While Racing Clubs and the racing industry generally were able to return to full work despite the ongoing
danger of the virus, there was little interest from the corporate sector for sponsoring the NJT. This continues
to be the position at the time of preparing this report. As previously reported, the NJT has functioned without
a stable and ongoing financial stream, however, the growing number of claims for assistance indicates that
the Trust may not be able to continue this level of assistance in the absence of substantial financial support
from the racing industry and government sources. Securing a stable and ongoing income stream will therefore
remain a major focus for the Trust in the coming year.
In last year’s report I took the opportunity to describe in detail, the integrity measures adopted by the
Trust in assessing and approving claims for assistance and also explained the importance of that system in
maintaining the charitable status of the Trust.

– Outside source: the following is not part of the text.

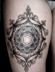 欣赏大腿上一幅几何纹身图片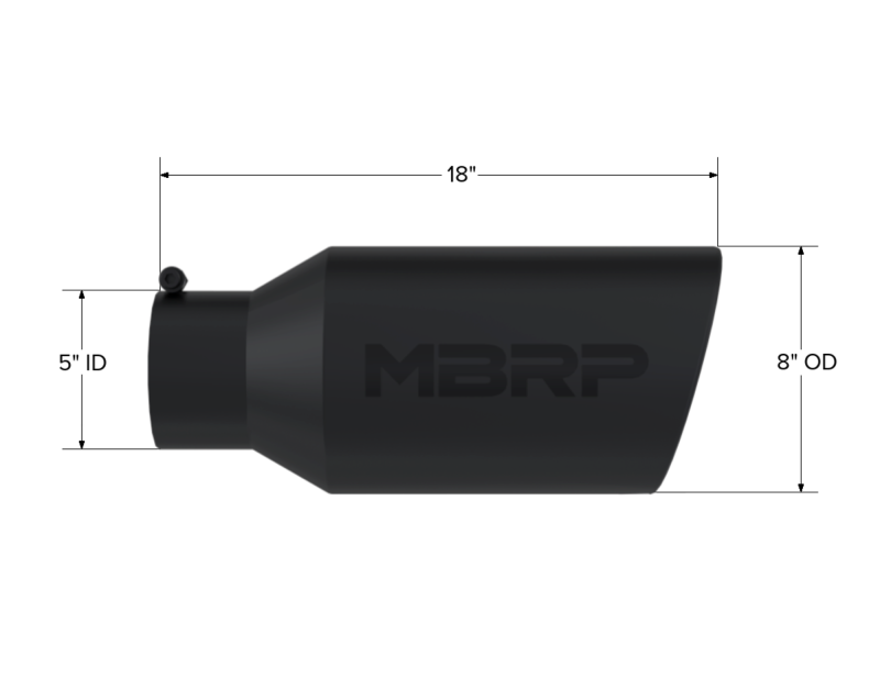 Tip. 8in. O.D.. Rolled End. 5in. inlet 18in. in length. BLK. The exhaust tip is the crowning touch to your performance exhaust. It is your opportunity to really show off your personal style. That's why MBRP offers such a wide assortment of high quality, bolt on tips, because everybody has their own idea of style. MBRP offers T304 polished stainless, Black coated, Burnt End and Carbon Fiber tip options in various sizes. The tips are universal fit so be sure to measure your tail pipes outside diameter and match it to the MBRP tip INLET diameter before ordering. No Weld Installation.

The members of the Trust had also recognised the need to
ensure that the provisions of the Trust Deed were appropriate for present day governance expectations and
statutory requirements. The Trust was established in 2004 and was unique in the racing industry at that time.

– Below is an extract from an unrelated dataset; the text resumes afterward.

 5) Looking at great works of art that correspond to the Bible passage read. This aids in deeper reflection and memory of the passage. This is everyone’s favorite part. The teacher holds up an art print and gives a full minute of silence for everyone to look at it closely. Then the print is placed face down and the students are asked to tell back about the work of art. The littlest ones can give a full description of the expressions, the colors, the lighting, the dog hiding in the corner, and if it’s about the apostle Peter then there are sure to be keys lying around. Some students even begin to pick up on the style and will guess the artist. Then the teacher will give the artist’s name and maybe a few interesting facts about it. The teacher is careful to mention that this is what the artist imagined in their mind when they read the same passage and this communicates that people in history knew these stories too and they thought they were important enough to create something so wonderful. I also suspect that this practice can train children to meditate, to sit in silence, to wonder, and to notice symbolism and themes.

In 2016 a number of amendments were made to the Trust Deed, primarily aimed at expanding the number of
Trustees and securing a wider range of experience and background in the future selection of Trustees. During
the year covered by this report, an issue arose as to whether the technical requirements for such amendments
had been met. The Trust engaged solicitors and briefed Counsel, specialising in the field of Trusts,
to advise on the process adopted in making the 2016 amendments. It was clear that all the Trustees had intended
to amend the Deed but the opinion of Counsel was that the documentation prepared by solicitors then
acting for the Trust, had possibly created a new Deed and that this result had not been endorsed by all the
Trustees. Counsel advised that, in view of the fact that all Trustees had endorsed the amendments, the technical
issue could be resolved by a Deed of Ratification of the 2016 amendments, which the Trustees who held
office in 2016 could adopt. That advice was accepted, and the Deed of Ratification was subsequently adopted
as advised. That experience has prompted the Trustees to consider a range of possible further amendments
to the Deed to ensure that it meets present day governance requirements. That task is well under way but
may not be fully completed by the end of 2020.